Entabló amistad con mi mujer. Las tardes salían a caminar entre cafetales y guapinoles, con autorización de mi madre, o se sentaban a tomar café. Magnolia le confió a doña Cristy las causas por las que vivía en la casa de Mamá Limpa, quien le había tomado especial cariño. También le contó que su bisoño marido moraba en la capital en casa de huéspedes.
Doña Cristy y don Florentín pusieron a nuestra disposición una habitación y parte de la cocina y el comedor de su casa en la colonia Roosevelt; pero –enfatizaron: -“El problema es que no tenemos dónde colocar los muebles que ocupan ese cuarto”. Y nosotros sin petate en qué caer muertos, literalmente.
Mi novata esposa tomó sus pocas pertenencias y con algunos utensilios de cocina y comedor que mi madre adquirió en Tapachula emprendió el viaje a Guatemala juntamente con doña Cristy.

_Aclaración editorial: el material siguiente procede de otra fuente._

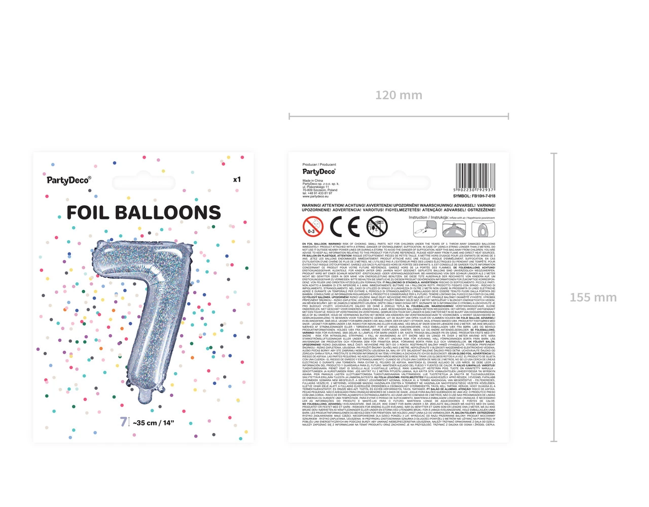 Verpakkingsinhoud: Folie Ballon Cijfer 7 Holografisch 35cm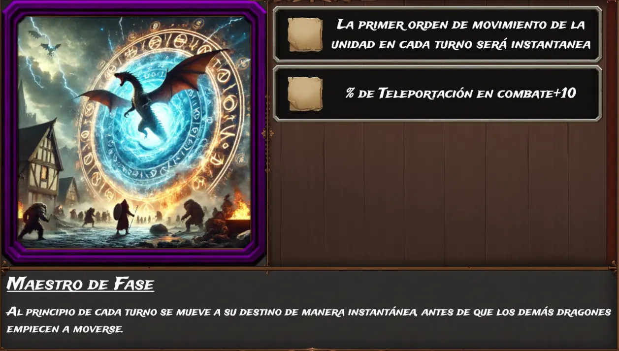 y "Sueños premonitorios", que nos da durante 1 turno la dote de "Teletransporte" en 1 dragón.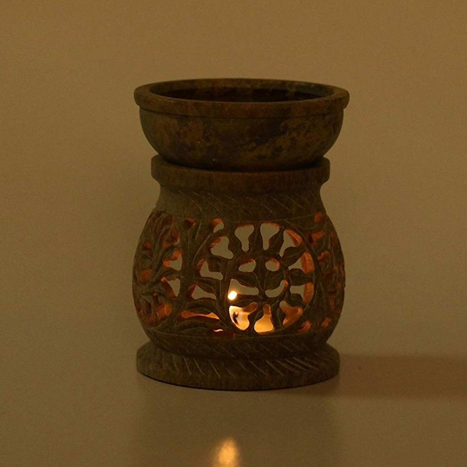 Aromatherapy Artisan Hand carved Stone Oil Diffuser Burner with Tea Light Holder. Hand carved from soapstone by the artisans of rural India. This diffuser is delicately carved from Soapstone. Unique with a natural variation in colour of the stone, Our artisans work tirelessly to bring to you perfectly carved pieces. All our products are sourced from traditional artisans from Indian villages who have been using time tested techniques in the handcrafting and this is our small effort to provide some highly needed support to these traditional arts and crafts that are facing a daily struggle to survive in todays world.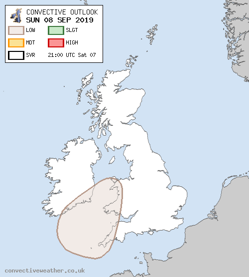 An upper ridge covers the British Isles for much of Sunday, generally preventing any notably deep convection from occurring. However, an upper low over the Low Countries will allow a sufficiently deep boundary layer for a few showers to affect primarily coastal parts of East Anglia and Kent, although the risk of lightning is considered very low.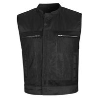 Designed for riders who operate in the heat and move with intent, the Strike-point Mesh Club Vest combines ultra-lightweight mesh construction with mission-grade Cordura reinforcements to deliver unmatched airflow and tactical readiness. With a cropped zipper and snap front closure for wind and rain protection, this club-style vest doesn’t just ride — it performs under pressure. Dual concealed carry pockets (including one external quick-access pocket) are reinforced by double-stitched shoulders, allowing for secure, confident carry on every ride. Functional storage is locked in with two zippered chest pockets and two snap-closure hand pockets. Finished with a breathable mesh liner, 1-inch collar, and tactical clean lines, the Strike-point is engineered for riders who move fast, ride hard, and stay mission-ready — even in the heat of the day.

Yo los esperaba en la zona 11 y de inmediato nos acomodamos en el aposento amueblado.
Llegó diciembre y los festejos de fin de año se aproximaban. Doña Cristy dispuso que con Magnolia desyerbaran los arriates del jardín, pintaran sus paredes e hicieran los preparativos para adornar la casa con motivos navideños.
Fue la primera Nochebuena que disfruté al lado de mi compañera de vida, al abrigo y protección del Altísimo y al cuidado y apego de don Florentín y doña Cristy, a quien mi mujer adoptó como su madre. Los recordamos siempre con entrañable amor, profunda gratitud y dulce nostalgia.